**Records from a data source:**
######

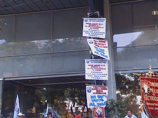 Este lunes, 12 de Julio de 2010, realizamos un mitin frente a las instalaciones de la Secretaría de Energía encabezada por Georgina Kessel, de descendencia alemana por cierto en donde exigimos que se instalara ya la mesa de negociación para que se nos otorgue el patrón sustituto. Posteriormente realizamos una gran marcha desde ese lugar, (casi frente al World Trade Center, Ciudad de México) hacia el SME a lo largo de Insurgentes.
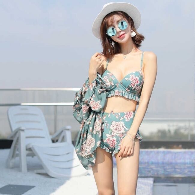 ビキニセット ワンピース 3点セット スリーピース カバーアップ フリル レトロ 花柄 フローラル 総柄 上品 クラシカル トレンド 流行り オシャレ レディース インスタ映え フォトジェニック ナイトプール ビーチ プール 海 夏 海水浴
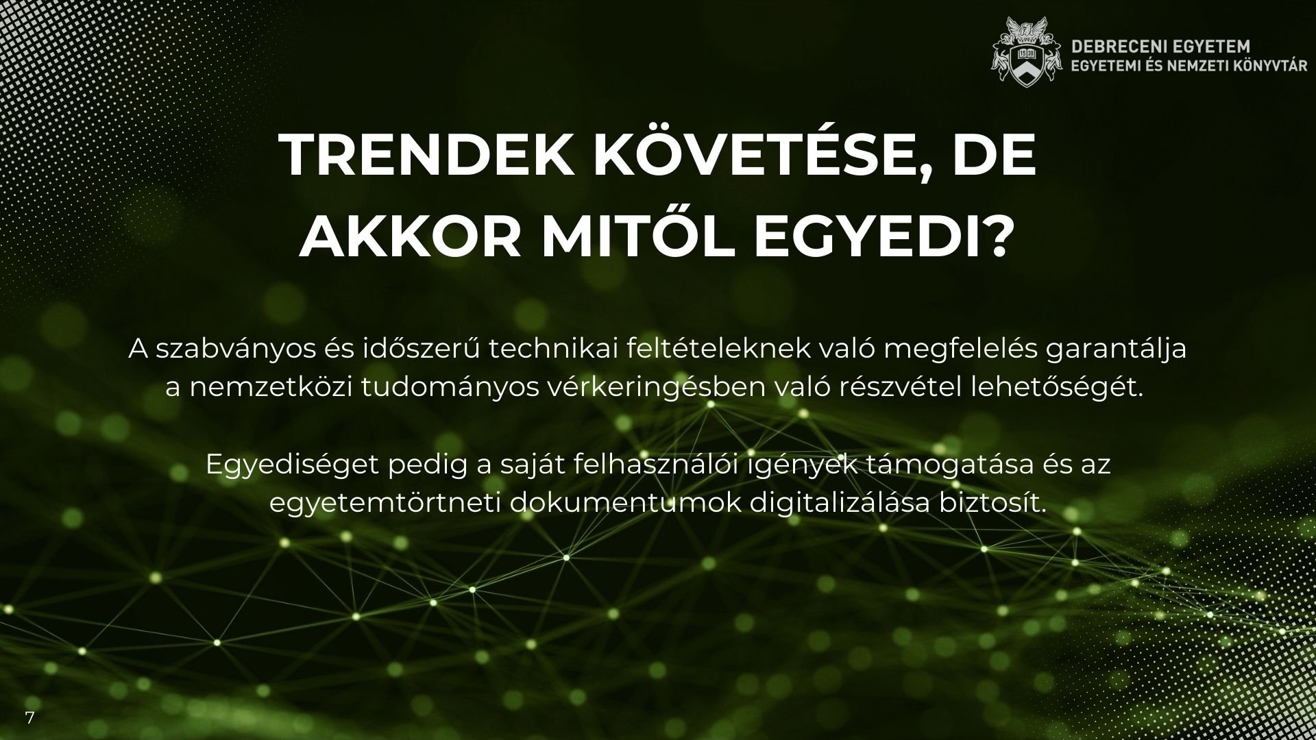 A DEENK 2006-ban elsőként indította el intézményi repozitóriumát, a DEA-t. Az azóta eltelt csaknem két évtizedben a DSpace alapú archívum az egyetemi tudásvagyon megőrzésének alapvető eleme, s az open science egyik zászlóshajója lett. Az újonnan megjelenő dokumentum formátumok, a DSpace rendszer bővülő funkciói és a felhasználói igények állandó változása e digitális "raktár" esetében is elengedhetetlenné teszik a rendszeres felülvizsgálatot. A DEENK két éve egy átfogó reorganizációs projektet indított azzal a céllal, hogy a DEA-t és annak működését minden tekintetben hozzáigazítsa a jelen már létező elvárásaihoz és felkészítse a jövő már látható kihívásaira. A projekt többek között a DSpace hierarchiájára, digitalizált állomány struktúrjának kialakítására, a tételek metaadat szintű logikai összekapcsolására és virtuális kiállítások megalapozására koncentrál, de hatása a teljes dokumentum-feldolgozási folyamatot és a fizikai raktárak kapacitás-gazdálkodását sem hagyja érintetlenül. Fizikai állományunk láthatóvá tétele mellett a gyarapodó elektronikus állományunk hosszú távú megőrzése, avagy raktározása is kiemelt jelentőségű, így az előadás nem utolsó sorban betekintést nyújt a Podcast archiválásba a DSpace entitás keretrendszerén keresztül.
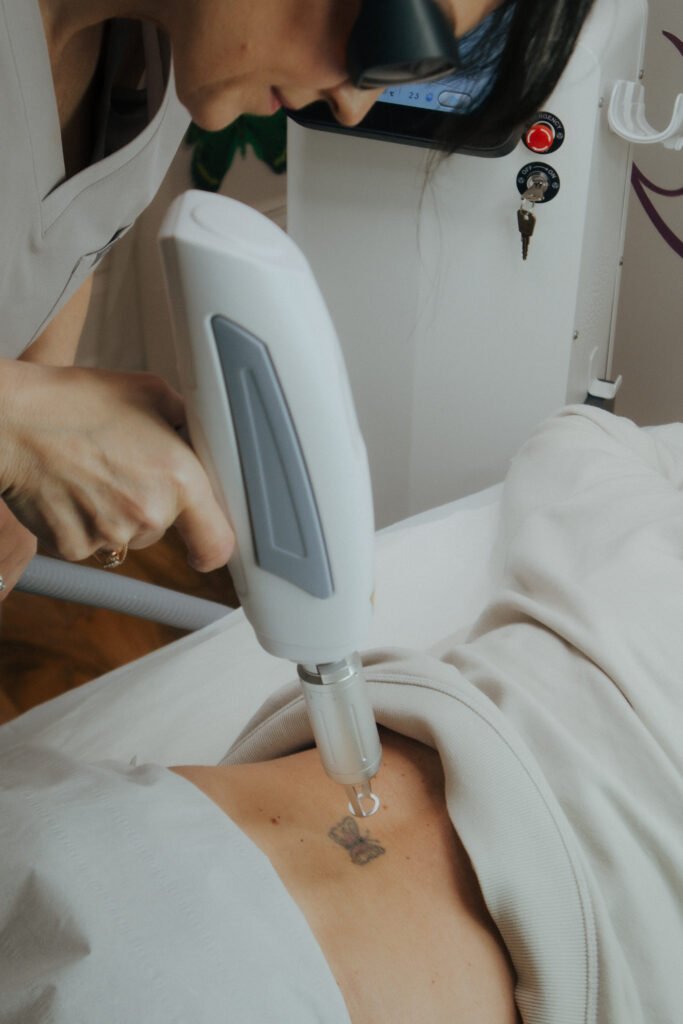 The laser emits short, high-intensity pulses that target the pigment particles in the skin. These light pulses break the ink into microscopic fragments, which are then naturally absorbed and eliminated by the body’s immune system over the following weeks. The process precisely targets the tattooed area while leaving the surrounding skin undamaged.
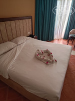 Нам сразу дали хороший номер без доплаты, на первом этаже с отдельным балконом и видом на бассейн. Мы часто проводили вечера на балконе, пили чай с десертами, принесёнными с ужина (чаще всего это была пахлава и печенье в меду). Номер в целом был чистым и уютным, хотя ванная немного разочаровала: плитка старая, и её явно не всегда удавалось хорошо отмыть. Тем не менее, это не создавало большого дискомфорта. Кровать была удобной, с хорошим жёстким матрасом. Постельное бельё за 10 дней меняли дважды, но оно всегда немного пахло затхлостью, как будто его плохо просушили. Однако уборка в целом была отличной — каждый день, всё ставили на свои места, делали красивые фигурки из полотенец, такие как лебеди и слоники. Это очень радовало.
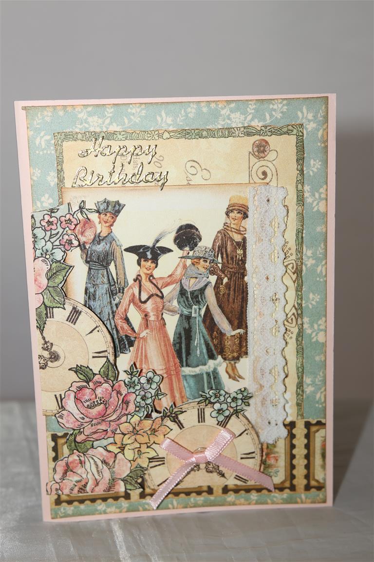IMG_5164 (Medium)IMG_5165 (Medium)2 more card I made with Graphic 45 A ladies Diary and I also used some Graphic 45 baby to bride on the bottom card for the matting.there is a stampin up vintage brad on the bottom card and a bit of fussy cutting. The top card has some lace and ribbon as well. The end of the working week for me, and I am so looking forward to 3 days off! Til tomorrow….

######

**What to work on:** Only exact lines belong in the answer: those from the beginning of the entries above through the line holding "A DEENK 2006-ban", with no pictures.

**Solved exercise:**
 Este lunes, 12 de Julio de 2010, realizamos un mitin frente a las instalaciones de la Secretaría de Energía encabezada por Georgina Kessel, de descendencia alemana por cierto en donde exigimos que se instalara ya la mesa de negociación para que se nos otorgue el patrón sustituto. Posteriormente realizamos una gran marcha desde ese lugar, (casi frente al World Trade Center, Ciudad de México) hacia el SME a lo largo de Insurgentes.
 ビキニセット ワンピース 3点セット スリーピース カバーアップ フリル レトロ 花柄 フローラル 総柄 上品 クラシカル トレンド 流行り オシャレ レディース インスタ映え フォトジェニック ナイトプール ビーチ プール 海 夏 海水浴
 A DEENK 2006-ban elsőként indította el intézményi repozitóriumát, a DEA-t. Az azóta eltelt csaknem két évtizedben a DSpace alapú archívum az egyetemi tudásvagyon megőrzésének alapvető eleme, s az open science egyik zászlóshajója lett. Az újonnan megjelenő dokumentum formátumok, a DSpace rendszer bővülő funkciói és a felhasználói igények állandó változása e digitális "raktár" esetében is elengedhetetlenné teszik a rendszeres felülvizsgálatot. A DEENK két éve egy átfogó reorganizációs projektet indított azzal a céllal, hogy a DEA-t és annak működését minden tekintetben hozzáigazítsa a jelen már létező elvárásaihoz és felkészítse a jövő már látható kihívásaira. A projekt többek között a DSpace hierarchiájára, digitalizált állomány struktúrjának kialakítására, a tételek metaadat szintű logikai összekapcsolására és virtuális kiállítások megalapozására koncentrál, de hatása a teljes dokumentum-feldolgozási folyamatot és a fizikai raktárak kapacitás-gazdálkodását sem hagyja érintetlenül. Fizikai állományunk láthatóvá tétele mellett a gyarapodó elektronikus állományunk hosszú távú megőrzése, avagy raktározása is kiemelt jelentőségű, így az előadás nem utolsó sorban betekintést nyújt a Podcast archiválásba a DSpace entitás keretrendszerén keresztül.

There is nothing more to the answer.